A tak poza tym to ja nie umiałem nigdy odpuścić jakiegoś przedmiotu. Sumienie nie pozwalało
Także Aga - wierzę w ciebie, dasz radę do końca LO tak trzymać
mawete - 30 Maj 2006, 06:55
Witam o poranku
Pako: co Ci nie pozwalało?
Iscariote - 30 Maj 2006, 07:11
Cóż.... sumienie poważna sprawa. (powiedział człek ze 100% frekwencji w szkole przez ostatnie 5 lat)
No ale ja sie witam i za 5 minut wychodzę na egzamin ustny z niemieckiego. Musze się zaprezentować jako najwspanialsza porażka moich pań nauczycielek
mawete - 30 Maj 2006, 07:19
hehe.. ja miałem frekwencję max 75% - nadgorliwość jest gorsza od faszyzmu.... ale kiedy to było.... Powodzenia na egzaminie.

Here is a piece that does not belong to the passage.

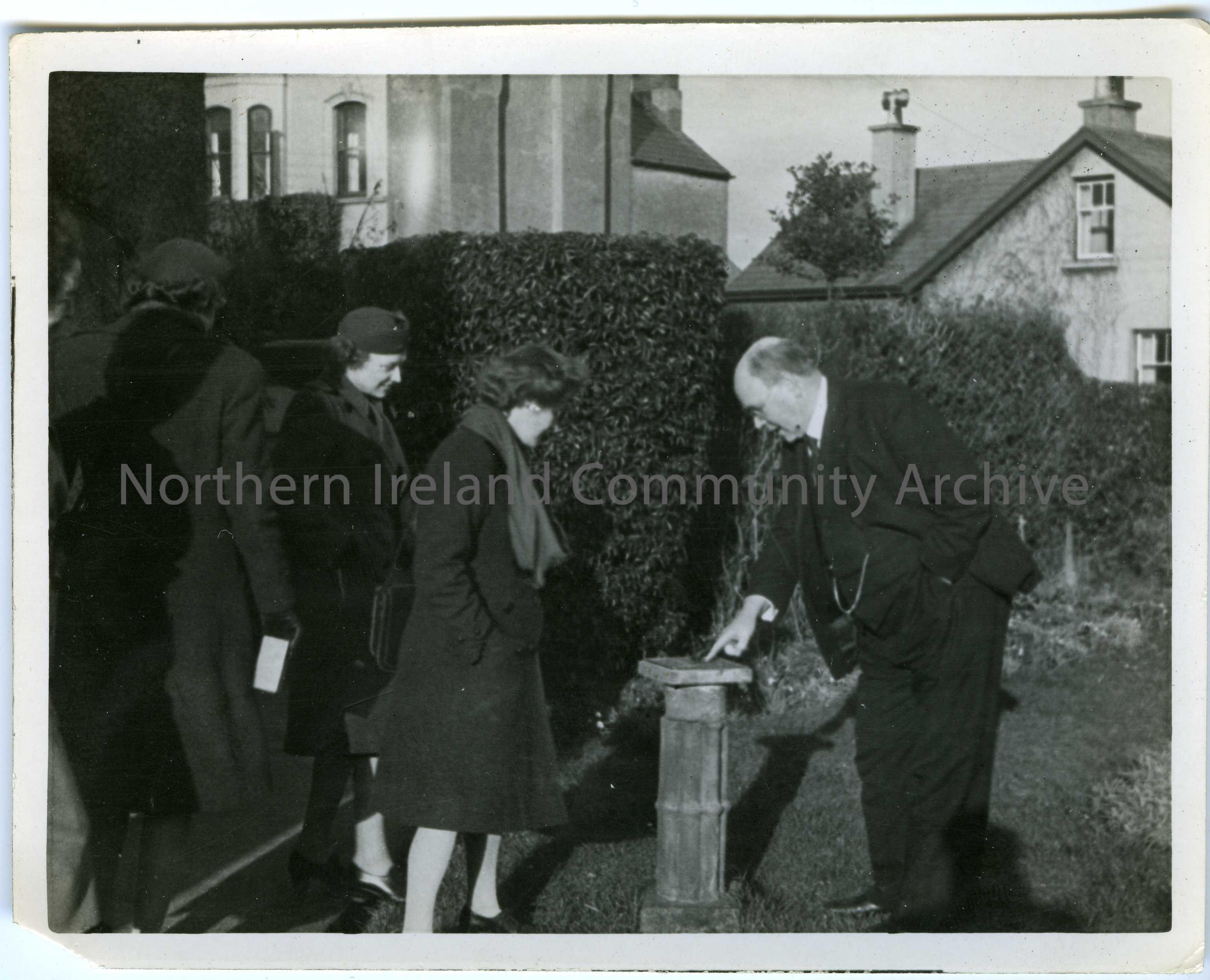 Sam Henry (far right) in a garden pointing to a sundial in front of him. Group of women are standing to the left.

Ixolite - 30 Maj 2006, 07:55
Bry. A ja zaspalem Dzis wariant sniadania-w-postaci-rogala-w-drodze-do-szkoly.
Duke - 30 Maj 2006, 08:18
Tjaa to i ja się witam nie chwaląc poranka.
elam - 30 Maj 2006, 08:24
jak mowi przyslowie, nie chwal dnia przed zachodem slonca, a chlopa przed smiercia
to ja tak samo, jak Duke - niczego na razie nie bede chwalila
ale powitam wszystkich cieplo
mawete - 30 Maj 2006, 08:38
cześć Gremlinku
elam - 30 Maj 2006, 08:56
czesc mawete
Pako - 30 Maj 2006, 09:29
cześć all
Sumienie mawete.. powtórz pięć razy: sumienie, sumienie, sumienie, syumienie, sumienie
Frekwencji na sto percent nie miałem... ale zawsze góra parę dni opuszczone, nie więcej.